Select Committee on Health Appendices to the Minutes of Evidence


APPENDIX 2

Memorandum by British Orthodontic Society (D 11)

  1.  Orthodontics is that branch of dentistry concerned with treatment of deformities of the jaws and irregularities of the teeth and dental occlusion and is mainly undertaken on children between the age of nine to 14. Some simple treatments are provided by general dental practitioners but most is delivered by approximately 800 specialists working in the Hospital, Community and General Dental Services (GDS).

  2.  The British Orthodontic Society (BOS) is the national representative body for all orthodontists in the United Kingdom. Membership includes Specialist Orthodontists working in the Hospital and Community services and Specialists working in the GDS. Many non-specialist General Dental Practitioners who provide some orthodontic services are also members.

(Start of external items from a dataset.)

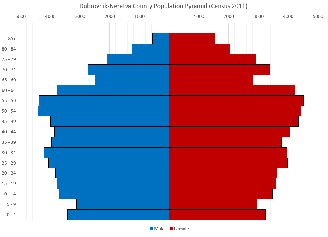두브로브니크네레트바 주의 인구는 2021년 조사 기준 115,564명이며, 인구 밀도는 1제곱킬로미터당 65명이다.[4] 2011년 조사에서는 122,568명으로 1제곱킬로미터당 69명이었다.[5]연도 인구 1857 63,379 1869 63,292 1880 69,185 1890 74,708 1900 83,135 1910 87,665 1921 86,610 1931 90,577 1948 88,535 1953 94,812 1961 99,593 1971 108,131 1981 115,683 1991 126,329 2001 122,870 2011 122,568 2021 115,564
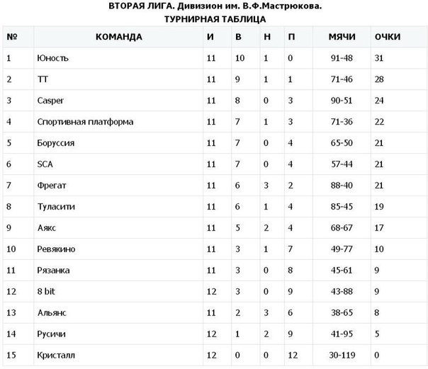 Дивизион Мастрюкова. Результаты тура:
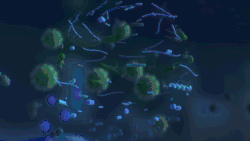 The game was developed by a three-person team, including Damien Quartz, who had assisted OReilly in programming Mountain.[11] With the small team on an experimental game, several simplifications were made. For example, creatures do not have walk cycles but instead simply roll to move. OReilly said such decisions, while breaking the reality of the game are "the most interesting solution to particular problems in order to create a totality" for the work.[4][12][6] Additionally, OReilly considered how these animations were similar to the work done in early days of classical animation, where artists attempted to animate a wide range of objects.[13] The game's idle auto-play mode captured OReilly's idea that nature occurs independently of any human intervention.[4]
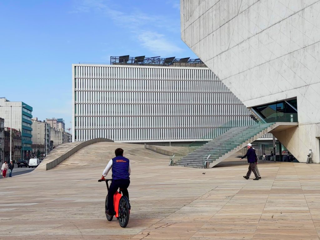 From there, the road started to climb, leading us up toward one of the city’s most iconic modern landmarks, the Casa da Música. Its bold, futuristic design stood in striking contrast to the city’s misty morning mood, a perfect symbol of Porto’s blend of tradition and innovation.
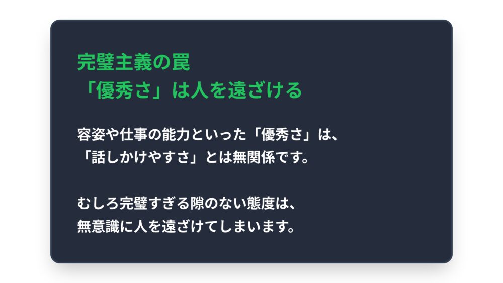でも、現実は全く逆で、完璧すぎる隙のない態度は、無意識のうちに周りの人を緊張させ、遠ざけてしまう原因になるんです。

  3.  Recommendations specific to orthodontics are contained within the Government's strategy "Modernising NHS Dentistry" (paragraphs 4.32-4.36) and in a subsequent more detailed document entitled "Modernising NHS Dentistry—Implementing the NHS Plan, Modernising Orthodontic Services" written by the Department of Health on 30 September 2000 and sent to the General Dental Services Committee of the BDA which specifies their proposals for changes to the provision of orthodontics and the related fee scale structure in the GDS. The BOS does not oppose these recommendations for orthodontics but is very concerned about their likely success in improving access to specialist services and treatment within the NHS.

  4.  The Department of Health believes that there is a significant amount of unnecessary orthodontic treatment being carried out in the General Dental Services (GDS), and that by the introduction of an Index of Orthodontic Treatment Need (IOTN), existing resources will be targeted at those in greatest need in terms of health gain and aesthetic improvement. This measure would remove altogether the right of patients to receive NHS treatment in milder cases.

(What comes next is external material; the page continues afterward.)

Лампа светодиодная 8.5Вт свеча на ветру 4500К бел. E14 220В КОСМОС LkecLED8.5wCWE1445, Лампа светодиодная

  5.  It should be noted that this is the first example of national formal "rationing" of treatment in any of the medical or dental services. The BOS does not oppose this measure in principle, but the effect on the public perception of NHS dentistry should be carefully considered.

  6.  It is incorrect to describe the treatment of mild malocclusion as "unnecessary". In the minds of many patients and their parents such treatment is perceived as providing valuable improvements in self esteem and confidence. Many patients in receipt of such treatment are well motivated towards its success.

  7.  It should be understood that many parents whose children may be denied NHS treatment in the future will, after much protest, seek it under private contract, so occupying valuable manpower resources which could otherwise be available to the NHS. Furthermore the inevitable increased demand for second opinions and re-assessment of treatment need will extend the already inadequate resources.

  8.  All orthodontic services are seriously undermanned at the present time. Many Hospital Consultant posts lie vacant and more Specialist Orthodontic Practitioners in the GDS are now retiring than are being replaced from post-graduate specialist training programmes. Almost everywhere there are long waiting lists. Annex 1 demonstrates our comparative situation with those of other Western European countries and the USA.

  9.  It is the considered judgement of the BOS that the factors mentioned will have the unfortunate effect of reducing access to NHS orthodontics rather than improving it, and that the Government, in consultation with the profession should give urgent consideration to a fundamental restructuring of the primary care orthodontic services (GDS and Community) including a much closer integration with secondary care services (Hospital Service).